While both syntaxes work, it's advisable to use the standard syntax.
How do data types differ in BigQuery vs. PostgreSQL?
As you've seen, one of the challenges when undertaking a database migration is the difference in data types from one system to another.
The following table features some of the main data types in PostgreSQL with their equivalent in BigQuery:
You've likely noticed some interesting facts from the table above.
Multiple data type equivalents
First, there are several cases in which more than one type in PostgreSQL translates to a single type in BigQuery. For instance, in PostgreSQL, the following types represent an integer number:
- integer: a 32-bit signed integer
- smallint: a 16-bit signed integer
- bigint: a 64-bit signed integer
In BigQuery, there's only one type to represent integers: the INT64 type, which, unsurprisingly, is a 64-bit integer. You might encounter names like INT, SMALLINT, INTEGER, BIGINT, TINYINT, and BYTEINT. But these aren't different types; instead, they're simply aliases of INT64.
Lack of data type equivalent
Secondly, there are data types from PostgreSQL that don't have a BigQuery equivalent.
This lack of data type is a common challenge during these types of migrations, and most of the time, you can make do by replacing the lacking data type with a similar one.
Artifacts in BigQuery standard syntax
Now let's cover how to create two types of artifacts in Google BigQuery using the standard syntax for SQL, namely user-defined functions and subqueries.
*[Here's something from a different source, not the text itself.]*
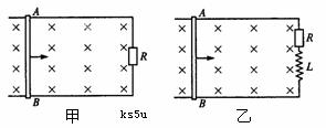 12(2009届江苏靖江市高三月考)如图,甲、乙两图为与匀强磁场垂直放置的两个金属框架,乙图除了一个电阻为零、自感系数为L的线圈外,其他部分与甲图都相同,导体AB以相同的加速度向右做匀加速直线运动。若位移相同,则( A )

A user-defined function can be either temporary or persistent.
A temporary UDF exists only during a single query, while a persistent UDF spans multiple queries and can get reused.
A UFD is a pure function—that is, it can't talk to external dependencies or mutate data. That makes them safe to call, even when shared between owners.
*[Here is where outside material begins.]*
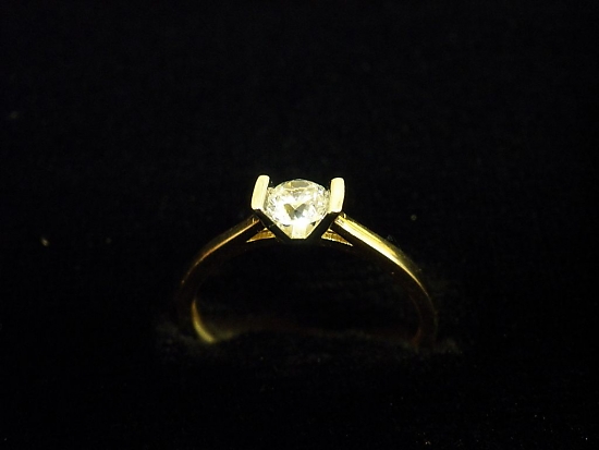 Златен пръстен годежен с бял камък

The following code example shows the creation and calling of a temporary UDF:
CREATE TEMP FUNCTION AddAndDouble(x INT64, y INT64) RETURNS INT64 AS ((x + y) * 2); SELECT AddAndDouble(8, 2)
Now, let's see the code to create the same function, but as a persistent function:
CREATE FUNCTION myfirstdataset.AddAndDouble(x INT64, y INT64) RETURNS INT64 AS ((x + y) * 2);
As you can see, the declaration loses the word "temp," and you need to declare a dataset for the permanent function to live in.
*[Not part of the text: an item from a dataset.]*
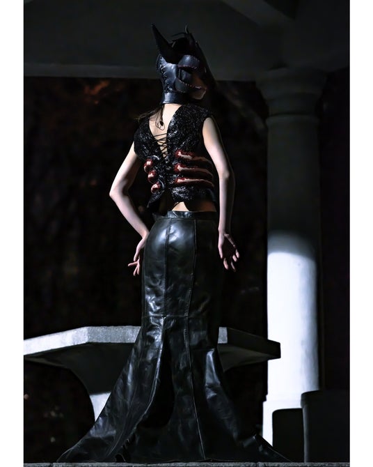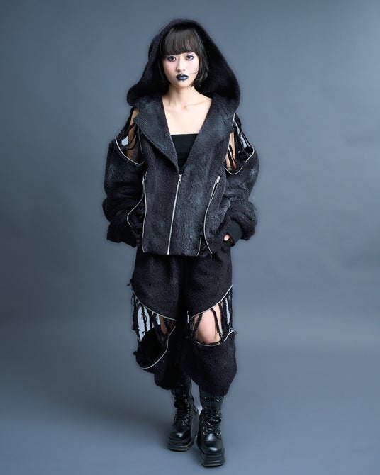 哲学的な視座を基盤に据え、分裂・不安定・破壊・批判といった痕跡を単なる “傷の記録” として消費するのではなく、“進化の地図” へと拡張する表現を志向しています。解体を自己表現の素材として消費するのではなく、哲学的思考と進化を内包した本来的な芸術行為をファッションとして具現化したいと考えています。

BigQuery offers 4 types of expression subqueries (i.e., subqueries that can get used wherever expressions can get used).
Here are some examples of what expression subqueries can be:
Scalar subqueries return a single value (i.e., a single column); if you try to return more than one column, it results in an error.
Let's look at an example:
SELECT title, (SELECT description FROM Categories WHERE Titles.category = id) AS product_category FROM Titles;
An array subquery returns an array.
Consider the following example:
SELECT id, ARRAY(SELECT description FROM db.class WHERE class.teacherId=teacher.id) AS classes FROM db.teacher;
The syntax of an array subquery is similar to that of PostgreSQL. To avoid errors, make sure the SELECT inside the subquery has exactly one column.
IN subqueries return TRUE when the value exists in the list returned by the subquery, and FALSE otherwise.
The syntax is as follows:
value [ NOT ] IN ( subquery )
The SELECT in the subquery must have a single column, and its type must be compatible with the type of the value to be checked.
SELECT id, title, name FROM db.teacher WHERE id IN (select teacher_id from db.class)
The query above will retrieve teachers who are assigned to teach at least one class.
Last but not least, we have the EXISTS subqueries.
The usage and syntax of this type of subquery are simple and very similar to that from PostgreSQL:
SELECT EXISTS(SELECT name FROM Teachers WHERE salary>=1500) as result;
An EXISTS subquery returns TRUE when there's at least one result, and FALSE otherwise.
Wrapping things up
In this post, I covered some tips on how to convert your PostgreSQL queries to Google BigQuery.
As you've seen, BigQuery supports two types of syntax for SQL: the standard syntax and the legacy one. Though both work, it's advisable you switch to the standard syntax if you still don't use it.